Exact copies of all the lines below are needed, without the pictures.

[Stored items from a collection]
+++

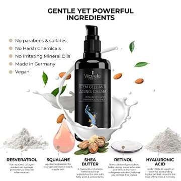 Show more Prepare to rejuvenate your skin with the remarkable Stem Cell Anti-Aging Cream featuring the powerful duo of Hyaluronic Acid and Retinol. This luxurious cream is expertly crafted to deeply hydrate, unclog pores, and enhance your overall skin texture, delivering results that can transform your appearance. With each application, you'll feel the rich, nourishing benefits of Shea Butter, derived from the Quercetin-rich Karite Tree, which not only moisturizes but also infuses your skin with vital fatty acids and antioxidants. For added hydration, this cream includes Almond Oil, renowned for its triglycerides and fatty acids, ensuring a long-lasting effect that beautifully supports your anti-aging skincare routine.
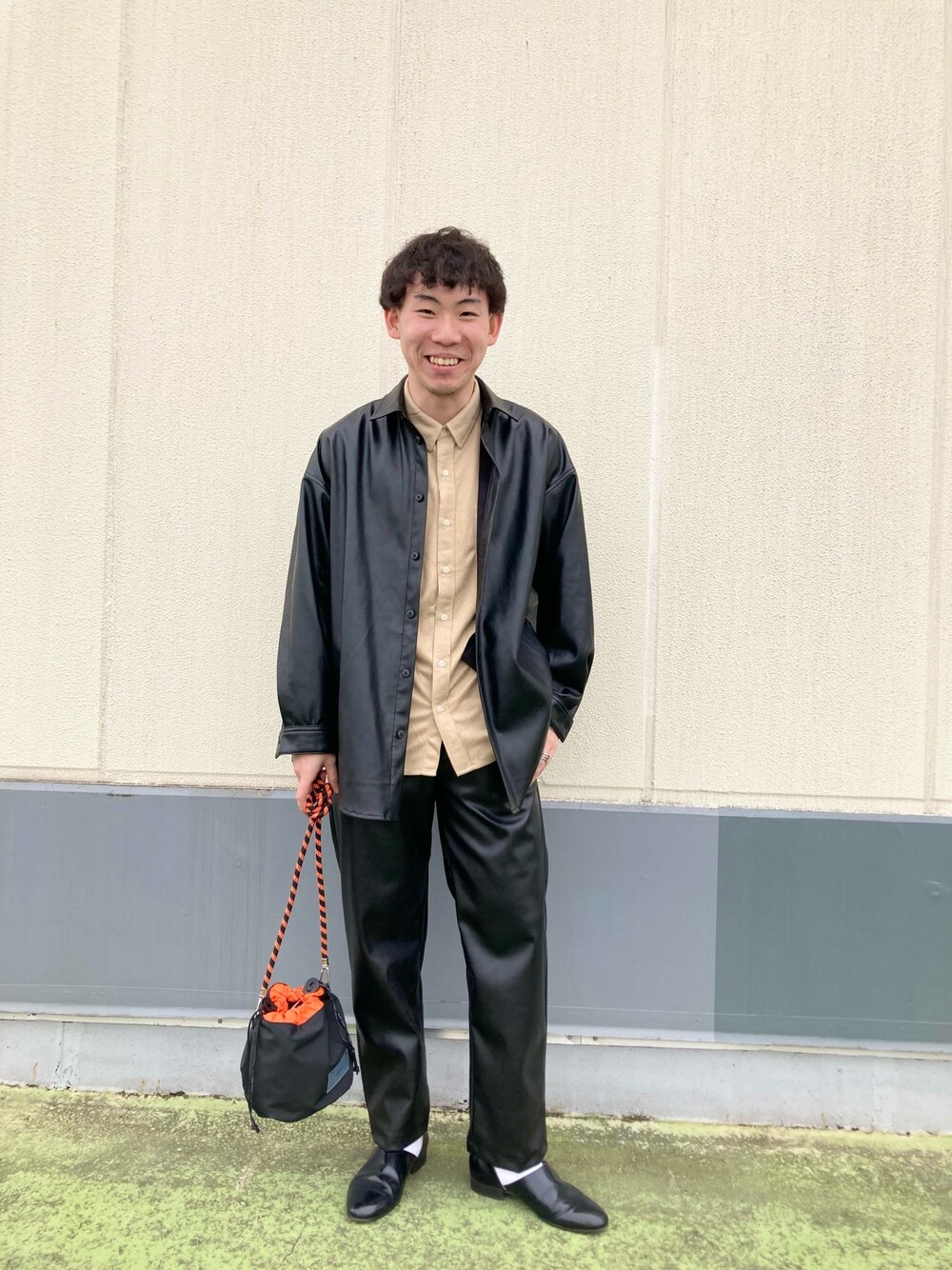 今回は、今季の春夏においてかかせないアイテム、ヴィーガンレザーのシャツとパンツを用いてセットアップコーデ!! セットアップできるときつそうなイメージもありますがインナーで柔らかい色やアイテムで合わせるだけで中和されトレンドを入れつつ新しいスタイルが出来上がります! 気になる方は是非!チェックしてみてください!!
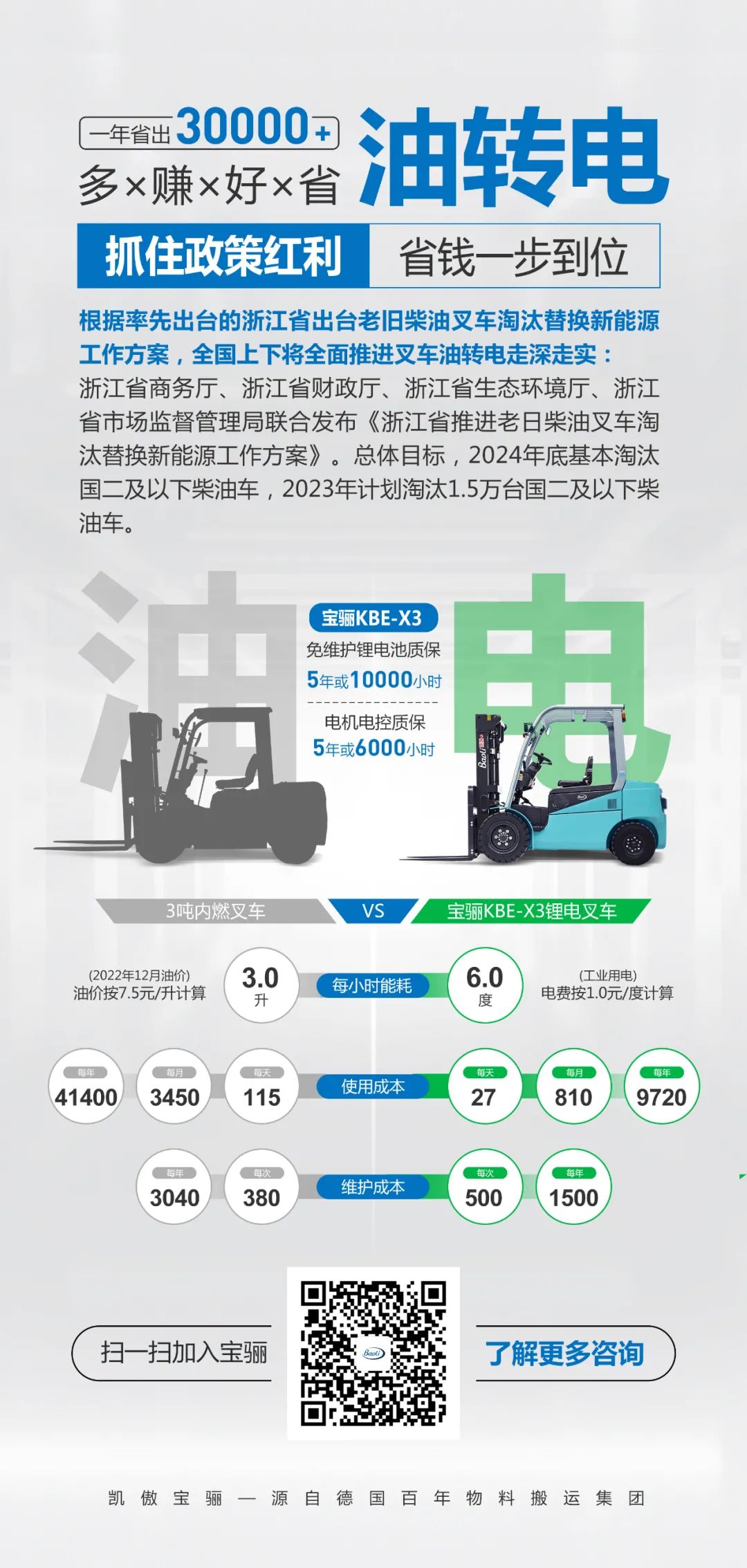“油转电”再迎政策春风,浙江省率先出台老旧柴油叉车淘汰替换新能源工作方案,全国上下将全面推进叉车油转电走深走实。
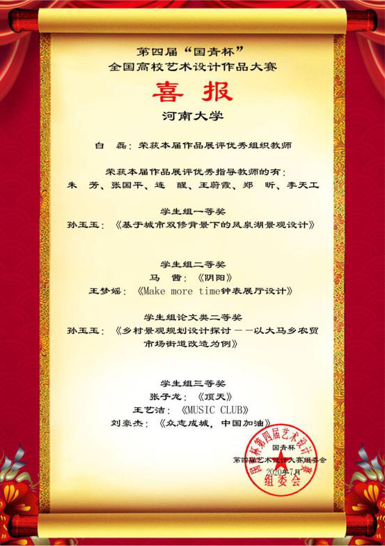 我院学子在此次比赛中共斩获7个奖项。其中,2016级环境设计专业孙玉玉的环境空间(景观)作品《基于城市双修背景下的凤泉湖景观设计》,获学生组作品类一等奖;2017级环境设计专业马茜作品《阴阳》、2017级环境设计专业王梦媱作品《Make more time钟表展厅设计》获学生组作品类二等奖、2016级环境设计专业学子孙玉玉的《乡村景观规划设计探讨——以大马乡农贸市场街道改造为例》获学生组论文类二等奖;2019级视觉传达专业学子张子龙的视觉传达类(海报)作品《顶天》、2019级视觉传达专业王艺洁的视觉传达类(海报)《MUSIC CLUB》以及2019级视觉传达专业刘豪杰的视觉传达类(海报)作品《众志成城,中国加油》分别获得了三等奖。
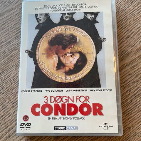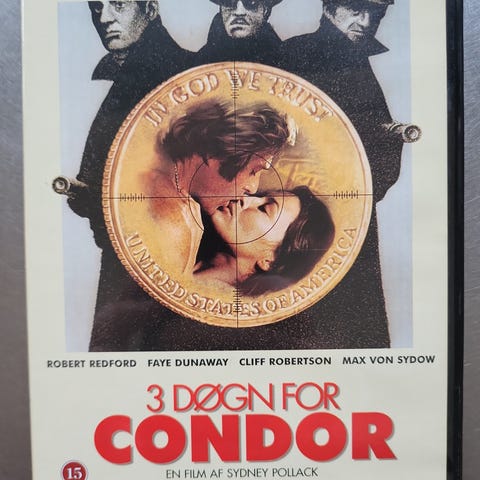 DVD filmen 3 Døgn for Condor indeholder Robert Redford, Faye Dunaway, Cliff Robertson og Max von Sydow. Filmen er en thriller med en varighed på cirka 115 minutter. Den er produceret i USA og indeholder dansk tekst. Formatet er widescreen, og filmen er i farver.
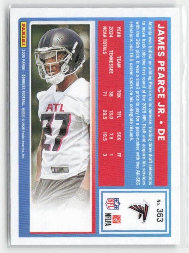 You are purchasing a 2025 Donruss James Pearce Jr. #363 RC. You will receive the exact item in the photographs. Thank you for looking.
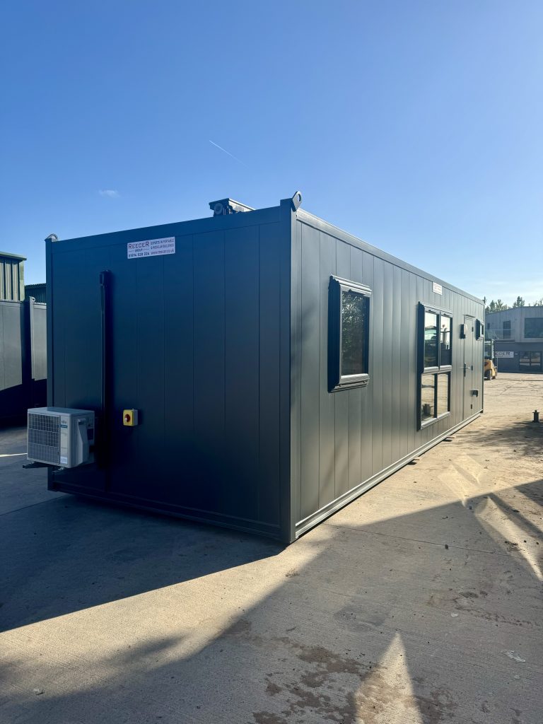 We are pleased to showcase one of our latest completed projects — a brand-new 32ft x 10ft modular unit, recently dispatched from our yard. Finished in a contemporary Anthracite Grey with matching windows, this unit combines a clean, modern aesthetic with practical, high-quality functionality.

+++

▶ Completed exercise
 Show more Prepare to rejuvenate your skin with the remarkable Stem Cell Anti-Aging Cream featuring the powerful duo of Hyaluronic Acid and Retinol. This luxurious cream is expertly crafted to deeply hydrate, unclog pores, and enhance your overall skin texture, delivering results that can transform your appearance. With each application, you'll feel the rich, nourishing benefits of Shea Butter, derived from the Quercetin-rich Karite Tree, which not only moisturizes but also infuses your skin with vital fatty acids and antioxidants. For added hydration, this cream includes Almond Oil, renowned for its triglycerides and fatty acids, ensuring a long-lasting effect that beautifully supports your anti-aging skincare routine.
 今回は、今季の春夏においてかかせないアイテム、ヴィーガンレザーのシャツとパンツを用いてセットアップコーデ!! セットアップできるときつそうなイメージもありますがインナーで柔らかい色やアイテムで合わせるだけで中和されトレンドを入れつつ新しいスタイルが出来上がります! 気になる方は是非!チェックしてみてください!!
“油转电”再迎政策春风,浙江省率先出台老旧柴油叉车淘汰替换新能源工作方案,全国上下将全面推进叉车油转电走深走实。
 我院学子在此次比赛中共斩获7个奖项。其中,2016级环境设计专业孙玉玉的环境空间(景观)作品《基于城市双修背景下的凤泉湖景观设计》,获学生组作品类一等奖;2017级环境设计专业马茜作品《阴阳》、2017级环境设计专业王梦媱作品《Make more time钟表展厅设计》获学生组作品类二等奖、2016级环境设计专业学子孙玉玉的《乡村景观规划设计探讨——以大马乡农贸市场街道改造为例》获学生组论文类二等奖;2019级视觉传达专业学子张子龙的视觉传达类(海报)作品《顶天》、2019级视觉传达专业王艺洁的视觉传达类(海报)《MUSIC CLUB》以及2019级视觉传达专业刘豪杰的视觉传达类(海报)作品《众志成城,中国加油》分别获得了三等奖。
 DVD filmen 3 Døgn for Condor indeholder Robert Redford, Faye Dunaway, Cliff Robertson og Max von Sydow. Filmen er en thriller med en varighed på cirka 115 minutter. Den er produceret i USA og indeholder dansk tekst. Formatet er widescreen, og filmen er i farver.
 You are purchasing a 2025 Donruss James Pearce Jr. #363 RC. You will receive the exact item in the photographs. Thank you for looking.
 We are pleased to showcase one of our latest completed projects — a brand-new 32ft x 10ft modular unit, recently dispatched from our yard. Finished in a contemporary Anthracite Grey with matching windows, this unit combines a clean, modern aesthetic with practical, high-quality functionality.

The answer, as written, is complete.